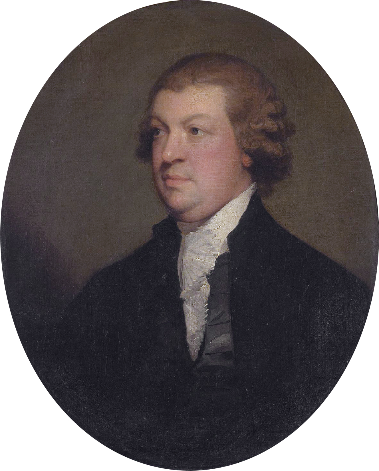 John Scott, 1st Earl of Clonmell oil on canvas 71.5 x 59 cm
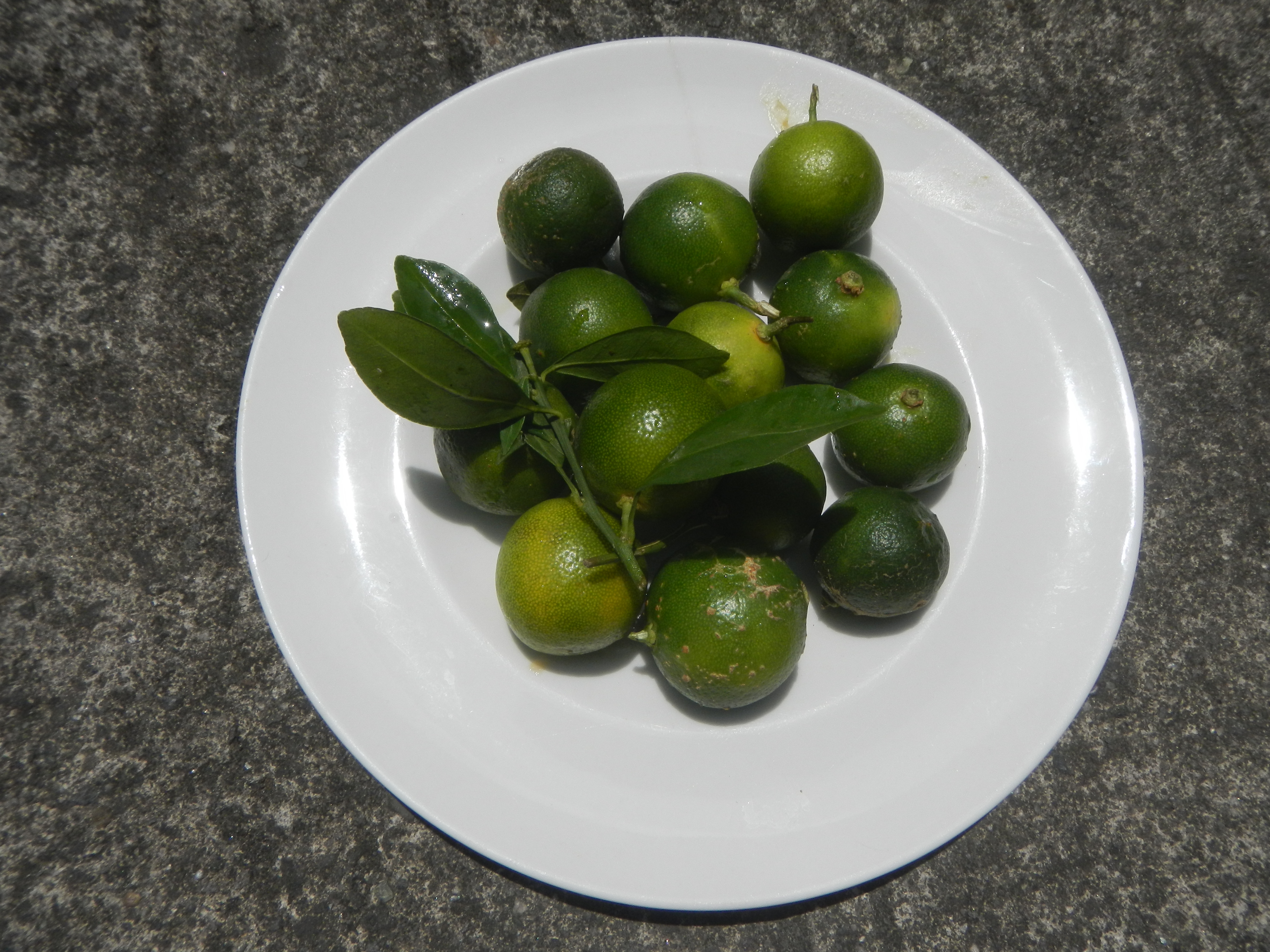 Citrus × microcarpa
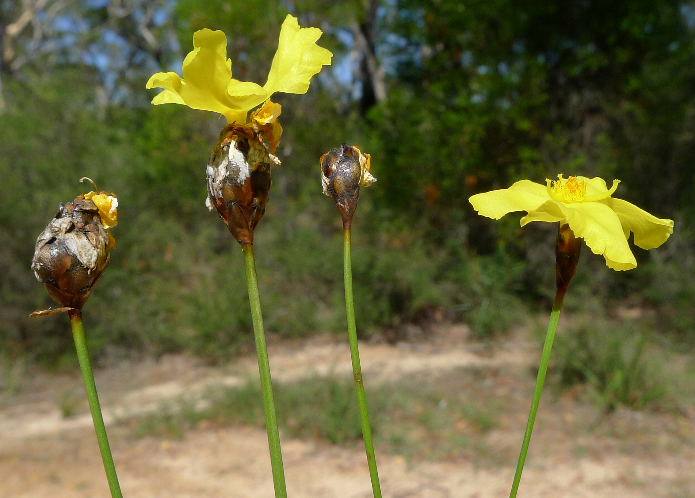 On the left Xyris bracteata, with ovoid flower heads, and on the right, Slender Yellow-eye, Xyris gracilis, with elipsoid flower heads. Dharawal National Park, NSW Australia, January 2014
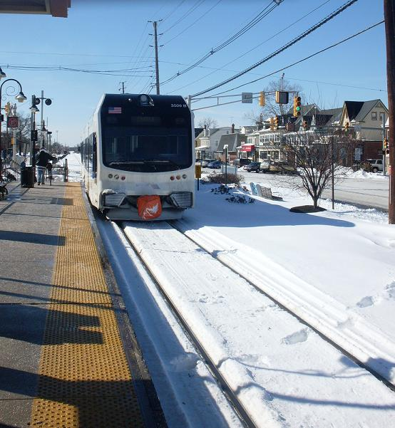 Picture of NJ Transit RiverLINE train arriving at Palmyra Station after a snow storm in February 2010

* [Instructions to follow]
The aim is an exact repeat of the entire listing, stripped of pictures.

* [Answer to the problem]
 John Scott, 1st Earl of Clonmell oil on canvas 71.5 x 59 cm
 Citrus × microcarpa
 On the left Xyris bracteata, with ovoid flower heads, and on the right, Slender Yellow-eye, Xyris gracilis, with elipsoid flower heads. Dharawal National Park, NSW Australia, January 2014
 Picture of NJ Transit RiverLINE train arriving at Palmyra Station after a snow storm in February 2010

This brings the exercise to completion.